Entrevista a Félix Ángel Moreno Ruiz, autor de 'Acuérdate de Paula porque vas a morir'


“El lector acompañará a los personajes en sus miedos”

ANTONIO MANUEL CABALLERO
POZOBLANCO


Encuadrada en las actividades del Día de las Bibliotecas, el pozoalbense, Félix Ángel Moreno Ruiz, presentó el pasado jueves en Pozoblanco Acuérdate de Paula porque vas a morir, junto a la concejala de Cultura, Rosario Rossi. Una nueva apuesta por la novela negra, que atrapa al lector.


Félix Ángel Moreno triunfa con sus novelas de misterios y policiacas. / SÁNCHEZ RUIZ


– De nuevo hay crímenes e investigadores en esta novela. ¿Le hubiera gustado dedicarse a la investigación criminal?
– La verdad es que no.
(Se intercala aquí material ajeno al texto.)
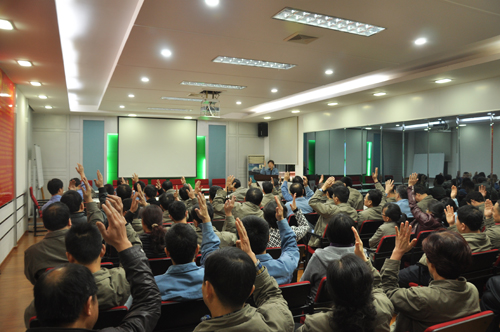 2015年4月27日至28日晚上,公司舉行2014年度中層主管述職報(bào)告及中層互評(píng)會(huì)議。公司高管及公司的92名中層主管參加了會(huì)議。此次述職報(bào)告44名中層主管代表本部門(mén)、車(chē)間作2014年—2015年上半年工作總結(jié)匯報(bào)。之后,公司高管及中層主管分別填寫(xiě)《2014年度中層主管考核評(píng)價(jià)表》,開(kāi)展中層主管評(píng)價(jià)及互評(píng)工作。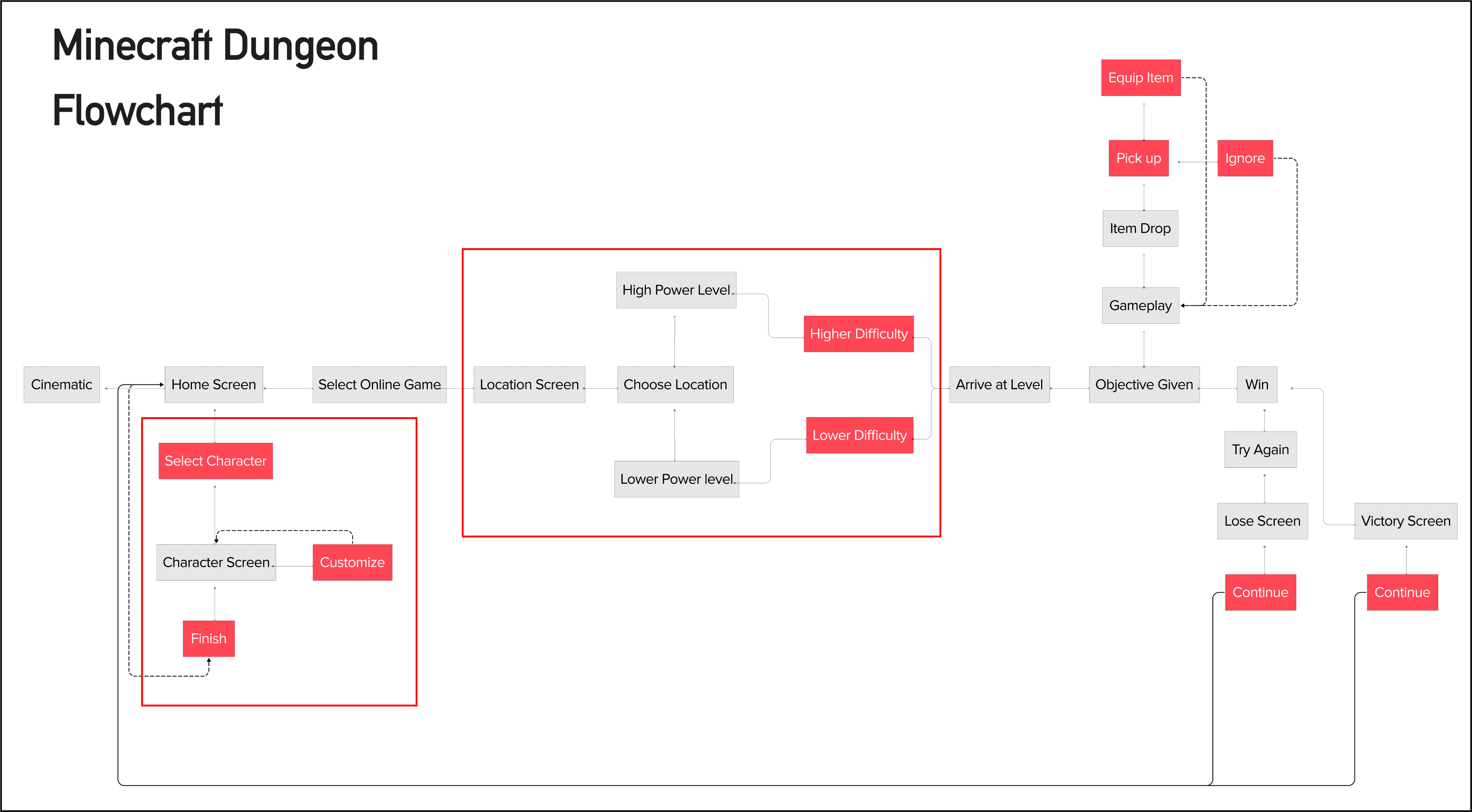 Using the paper prototype as a base, I expanded into a flowchart . This map served as the blueprint for where I should be streamlining the player experience, identifying areas where navigation could be improved.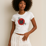 • 90s-style baby tee with a boxy silhouette and slight cropped hem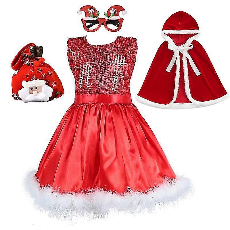 2022 Kids Christmas New Year Suit Costume Cosplay Santa Claus Cloak Bag Outfit Dress For 2-8 Years Girls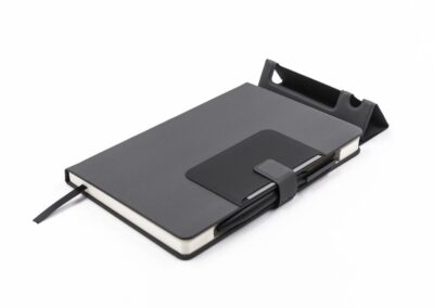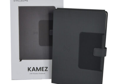 KAMEZ is a 15W wireless charging A5 notebook organizer with in-built folding mini-workstation – truly an avant-garde modern office notebook. Includes an integrated business card holder, magnetic clasp with integrated pen loop. Contains 192 pages and a folding phone and pen stand. Opens flat due to excellent binding quality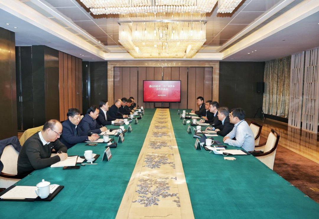 2月9日上午,惠山区政府与中广核资本举行合作洽谈会,区长程松与中广核资本控股有限公司总经理孙鹏一行座谈交流,双方围绕进一步加快储能产业基金落地、零碳产业等合作事宜进行了深入探讨。区领导何国清参加会谈。

Una cosa es ser escritor de novela negra y otra muy distinta, policía de homicidios. Es un trabajo difícil y arduo, para el que hay que estar preparado psicológicamente porque hay que lidiar, un día sí y otro también, con lo más sórdido de la condición humana: el crimen.

– Como ya ha hecho en otras ocasiones, como en Un revolver en la maleta, aquí también sitúa la trama en Córdoba. ¿Qué le atrae de esta ciudad?
– Hace años, dije en una entrevista que Córdoba era una ciudad muy apropiada para servir de marco a una novela negra y sigo opinando igual. Está estructurada socialmente en distintos barrios, cada uno con su idiosincrasia y sus peculiaridades; mira al pasado (y arrastra, por tanto, males endémicos, propios de una ciudad provinciana) y, al mismo tiempo, es una urbe moderna que mira con desparpajo y optimismo al futuro. Por todo ello, Córdoba es tan válida como Barcelona, Madrid o Estocolmo para ser el espacio en el que sitúa una buena trama policíaca.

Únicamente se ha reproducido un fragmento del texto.